═════ Supplied material

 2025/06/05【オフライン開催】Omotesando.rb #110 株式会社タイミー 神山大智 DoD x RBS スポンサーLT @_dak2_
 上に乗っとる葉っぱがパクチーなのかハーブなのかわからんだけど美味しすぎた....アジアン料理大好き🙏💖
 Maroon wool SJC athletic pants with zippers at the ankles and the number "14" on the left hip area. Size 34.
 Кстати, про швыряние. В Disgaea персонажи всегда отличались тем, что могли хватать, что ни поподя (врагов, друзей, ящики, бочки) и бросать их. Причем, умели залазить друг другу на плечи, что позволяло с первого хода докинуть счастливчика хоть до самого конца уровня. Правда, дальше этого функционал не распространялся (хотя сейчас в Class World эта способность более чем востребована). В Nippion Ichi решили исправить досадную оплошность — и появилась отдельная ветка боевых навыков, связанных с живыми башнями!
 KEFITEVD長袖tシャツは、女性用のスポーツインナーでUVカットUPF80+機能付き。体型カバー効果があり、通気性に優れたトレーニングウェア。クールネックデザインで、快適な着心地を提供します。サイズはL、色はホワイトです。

══════════
═════ Supplied material

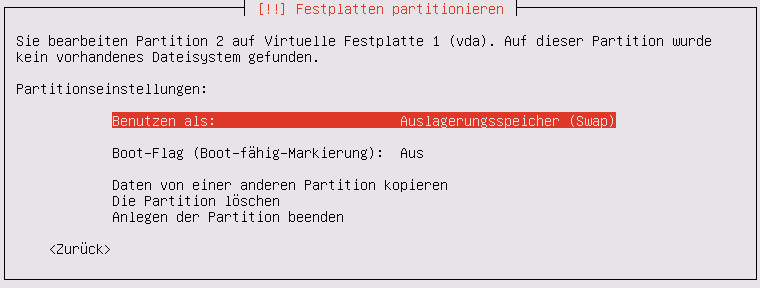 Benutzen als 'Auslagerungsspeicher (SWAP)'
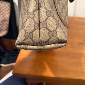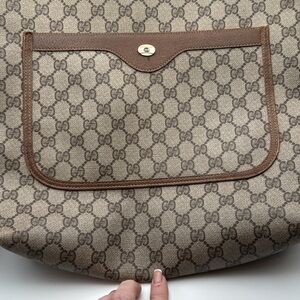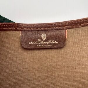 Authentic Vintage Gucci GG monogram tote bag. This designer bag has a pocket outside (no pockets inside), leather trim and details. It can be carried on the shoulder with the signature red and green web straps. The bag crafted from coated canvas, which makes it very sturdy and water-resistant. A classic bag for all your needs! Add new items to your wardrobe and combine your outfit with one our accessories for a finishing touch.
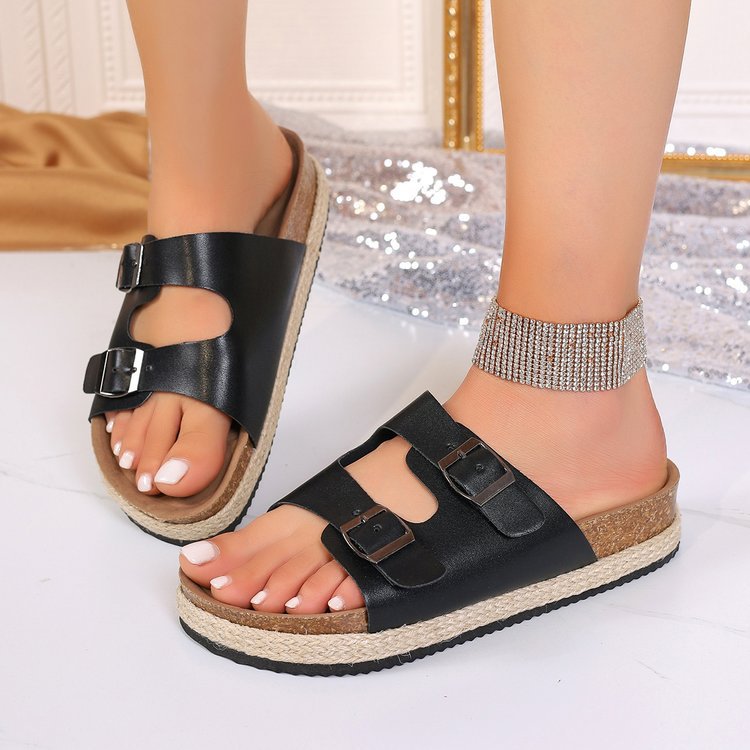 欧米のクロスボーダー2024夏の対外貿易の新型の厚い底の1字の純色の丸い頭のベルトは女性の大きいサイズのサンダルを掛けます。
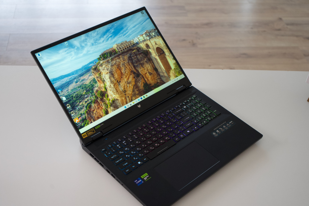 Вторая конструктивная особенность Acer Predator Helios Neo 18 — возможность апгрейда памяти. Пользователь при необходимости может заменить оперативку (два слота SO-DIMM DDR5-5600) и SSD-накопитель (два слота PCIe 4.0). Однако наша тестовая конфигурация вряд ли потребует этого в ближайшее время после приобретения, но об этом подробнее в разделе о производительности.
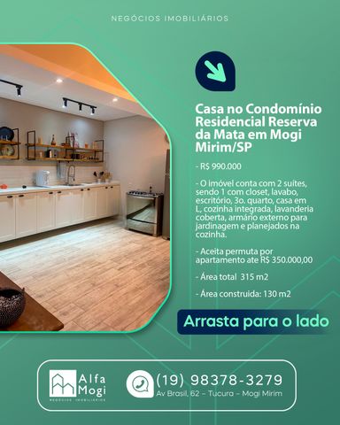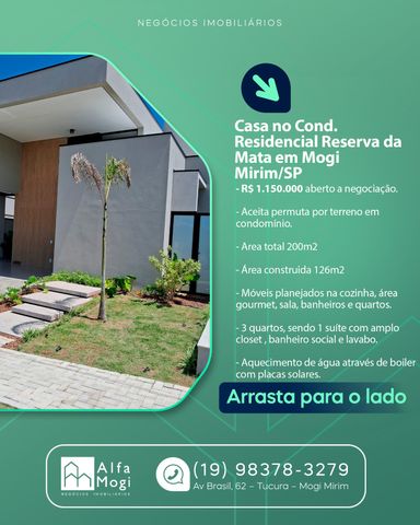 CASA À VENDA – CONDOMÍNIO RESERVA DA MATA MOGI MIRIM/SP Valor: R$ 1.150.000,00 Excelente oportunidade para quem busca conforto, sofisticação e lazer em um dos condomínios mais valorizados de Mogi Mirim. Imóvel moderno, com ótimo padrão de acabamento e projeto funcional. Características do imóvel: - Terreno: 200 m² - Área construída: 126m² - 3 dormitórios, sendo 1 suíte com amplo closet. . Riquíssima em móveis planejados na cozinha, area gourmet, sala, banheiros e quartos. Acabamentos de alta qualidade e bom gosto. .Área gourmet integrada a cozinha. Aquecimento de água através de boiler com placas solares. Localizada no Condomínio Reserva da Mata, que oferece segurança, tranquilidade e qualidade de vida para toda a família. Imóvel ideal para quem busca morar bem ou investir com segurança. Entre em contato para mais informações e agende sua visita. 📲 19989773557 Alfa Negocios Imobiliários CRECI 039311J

══════════

■ **Problem description**:
In the records above, find the line with "2025/06/05【オフライン開催】Omotesando.rb #110 株式会社タイミー"; write out exactly that line and each one after it, stopping after the line with "KEFITEVD長袖tシャツ".

■ **Exercise response**:
 2025/06/05【オフライン開催】Omotesando.rb #110 株式会社タイミー 神山大智 DoD x RBS スポンサーLT @_dak2_
 上に乗っとる葉っぱがパクチーなのかハーブなのかわからんだけど美味しすぎた....アジアン料理大好き🙏💖
 Maroon wool SJC athletic pants with zippers at the ankles and the number "14" on the left hip area. Size 34.
 Кстати, про швыряние. В Disgaea персонажи всегда отличались тем, что могли хватать, что ни поподя (врагов, друзей, ящики, бочки) и бросать их. Причем, умели залазить друг другу на плечи, что позволяло с первого хода докинуть счастливчика хоть до самого конца уровня. Правда, дальше этого функционал не распространялся (хотя сейчас в Class World эта способность более чем востребована). В Nippion Ichi решили исправить досадную оплошность — и появилась отдельная ветка боевых навыков, связанных с живыми башнями!
 KEFITEVD長袖tシャツは、女性用のスポーツインナーでUVカットUPF80+機能付き。体型カバー効果があり、通気性に優れたトレーニングウェア。クールネックデザインで、快適な着心地を提供します。サイズはL、色はホワイトです。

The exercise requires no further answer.